*What you are asked to do:* What are the lines below, starting at the line containing "The prime minister, who" and ending at the line containing "Set of 4, Ceramic"? Write them out exactly, ends included, without pictures.

*Data records:*
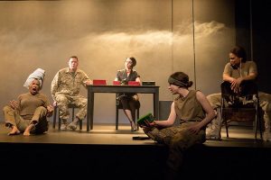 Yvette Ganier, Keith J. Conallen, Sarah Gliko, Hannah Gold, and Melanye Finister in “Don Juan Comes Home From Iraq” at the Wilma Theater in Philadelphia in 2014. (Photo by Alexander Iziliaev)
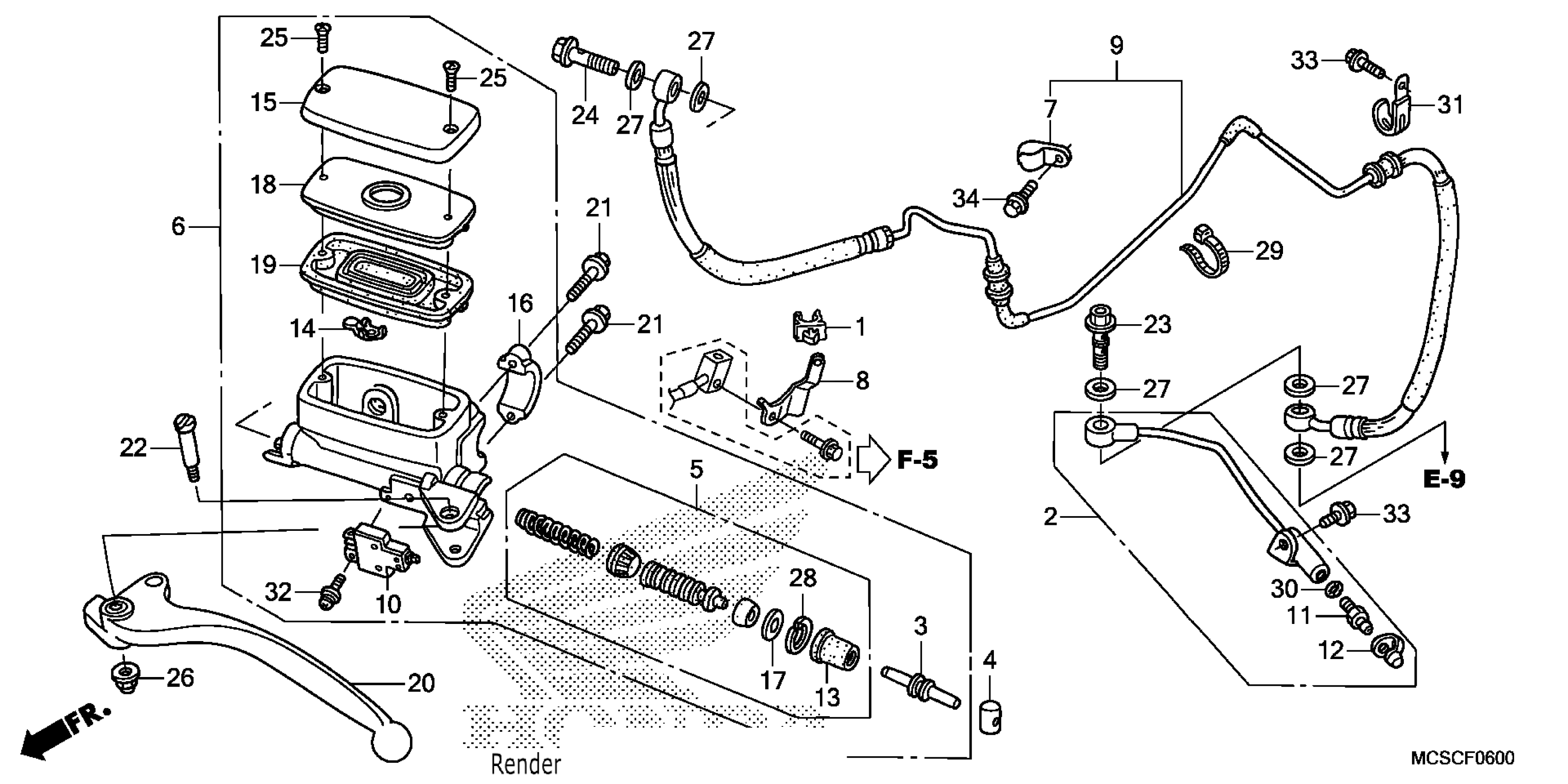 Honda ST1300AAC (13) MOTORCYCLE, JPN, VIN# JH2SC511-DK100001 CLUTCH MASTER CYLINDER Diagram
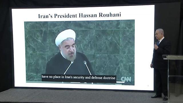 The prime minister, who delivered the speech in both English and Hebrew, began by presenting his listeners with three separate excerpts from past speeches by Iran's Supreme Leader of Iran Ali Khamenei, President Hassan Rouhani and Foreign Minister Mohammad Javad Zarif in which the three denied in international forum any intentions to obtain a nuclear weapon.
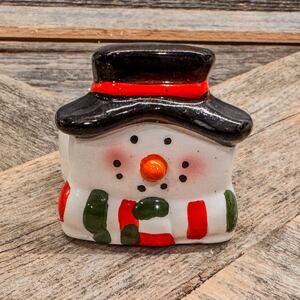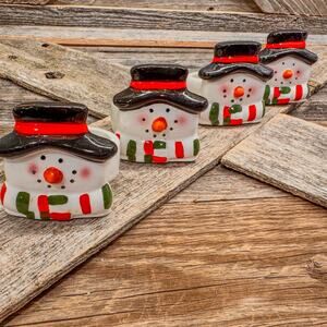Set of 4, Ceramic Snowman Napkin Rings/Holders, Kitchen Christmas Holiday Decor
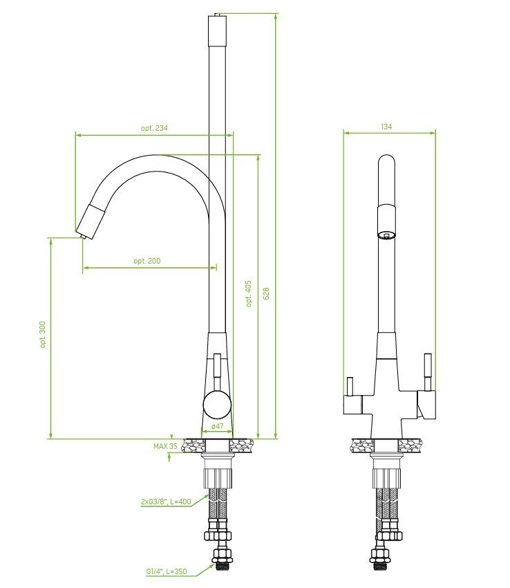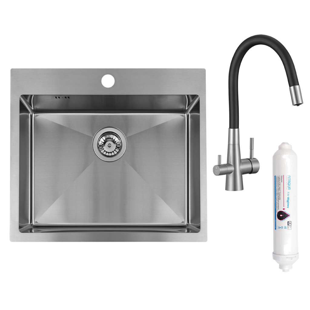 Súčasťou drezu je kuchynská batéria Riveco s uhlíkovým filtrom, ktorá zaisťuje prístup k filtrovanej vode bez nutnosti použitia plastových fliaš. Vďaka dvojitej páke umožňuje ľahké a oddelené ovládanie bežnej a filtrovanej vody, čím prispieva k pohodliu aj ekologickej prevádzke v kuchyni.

*Answer for the task:*
 The prime minister, who delivered the speech in both English and Hebrew, began by presenting his listeners with three separate excerpts from past speeches by Iran's Supreme Leader of Iran Ali Khamenei, President Hassan Rouhani and Foreign Minister Mohammad Javad Zarif in which the three denied in international forum any intentions to obtain a nuclear weapon.
Set of 4, Ceramic Snowman Napkin Rings/Holders, Kitchen Christmas Holiday Decor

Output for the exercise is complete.